The text in input_json['content'] is split on the newline character. The lines that are questions are stored in question_lines.

all_lines = [
    0["What is DataStax Premium Support?"]
    1["Premium Support consists of three add-on offerings available to enhance your existing DataStax support experience"]
    2["There are three Premium offerings currently available:"]
    3["Premium Cloud Engineer"]
    4["Named Engineer"]
    5["Technical Account Manager"]
    6["Can I purchase a Premium Support subscription for any DataStax product?"]
    7["You can purchase Premium Support as an add-on to DataStax products that are generally available. Please contact PremiumSupport@datastax.com if you have any questions."]
    8["What is included in each of the different DataStax technical support offerings?"]
    # ...
]

question_lines = [0, 6, 8] # ...

There are questions on lines 0, 6, 8 … This means that the answers will be on lines 1 to 5, 7 …

Now the answer lines are joined into a list and the output data structure is defined:

q_and_a_output_data = {
    "url": "https://www.datastax.com/services/support/premium-support/faq"
    "title": "FAQ | DataStax Premium Support"
    "questions": [
        ["What is DataStax Premium Support?"],
        ["Can I purchase a Premium Support subscription for any DataStax product?"],
        # ...
    ]
    "answers": [
        [(
            "Premium Support consists of three add-on offerings available to enhance your existing DataStax support experience\n"
            "There are three Premium offerings currently available:\n"
            "Premium Cloud Engineer\n"
            "Named Engineer\n"
            "Named Engineer\n"
            "Technical Account Manager"
        )],
        [(
            "You can purchase Premium Support as an add-on to DataStax products that are generally available. "
            "Please contact PremiumSupport@datastax.com if you have any questions."
        )]
        # ...
    ]
}

Once the text is split into answers and questions, each question and answer pair is iterated. The concatenated text of each question and answer is embedded with an OpenAI embedding model.

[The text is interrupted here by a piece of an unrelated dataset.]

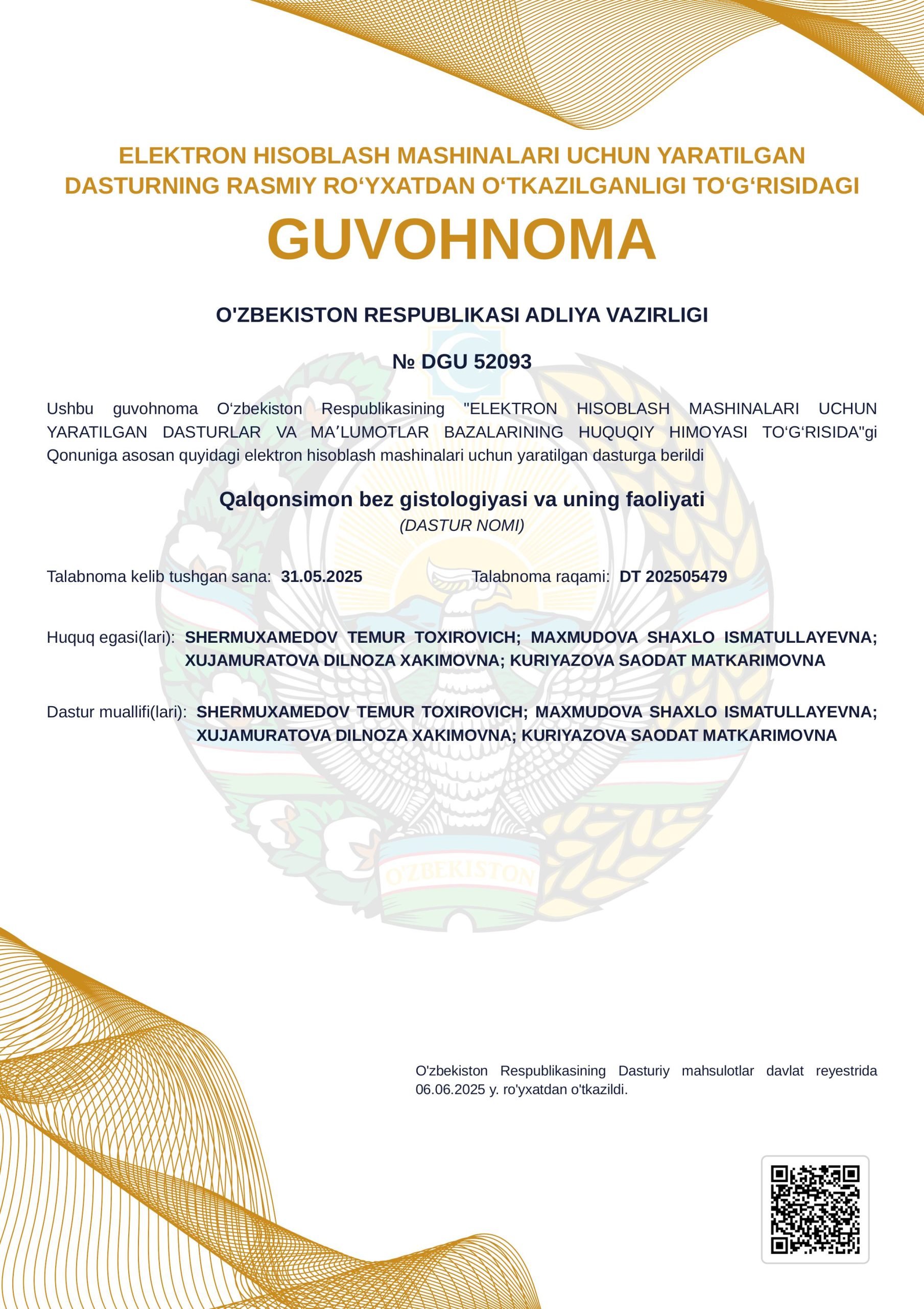 DGU No-52093 Курниязова С.М., Шермухаметов Т.Т., Махмудова Ш.И., Хужамуратова Д.Х.

The first iteration through the question and answer data gives the following result:

question_id = 1
document_id = "https://www.datastax.com/services/support/premium-support/faq"
question    = "What is DataStax Premium Support?"
answer      = (
    "Premium Support consists of three add-on offerings available to enhance your existing DataStax support experience\n"
    "There are three Premium offerings currently available:\n"
    "Premium Cloud Engineer\n"
    "Named Engineer\n"
    "Technical Account Manager"
)

The embeddings are computed in chunks, which reduces the overhead cost of requests to the embedding service and results in a faster process. First all prospected questions are collected. Then, their embedding vectors are calculated one chunk after the other. Finally, the embedding vectors are inserted into each question document for insertion in the collection.

The collection is now populated with documents containing the question and answer data and the vector embeddings.

Backend API

The API is split between a few files:

index.py contains the actual FastAPI code. It defines an API with a single route: /api/chat. Upon receipt of a POST request, the function calls the send_to_openai function from chatbot_utils.py.
chatbot_utils.py loads authentication credentials from your environment variables and connects to your database. It also defines the utilities to interact with the embedding and the LLM services.

Next steps

In this tutorial, you did the following:

Created a Serverless (Vector) database.
Added data scraped from our FAQ pages.
Used the scraped data to add context to prompts to the OpenAI API.
Held a chat session with an LLM.

Next, try customizing the code to scrape your own sites, use different prompts, and redesign the frontend.

You can also try building apps with the Astra DB Data API clients. To get started with the clients, see the Astra DB Serverless quickstart for collections.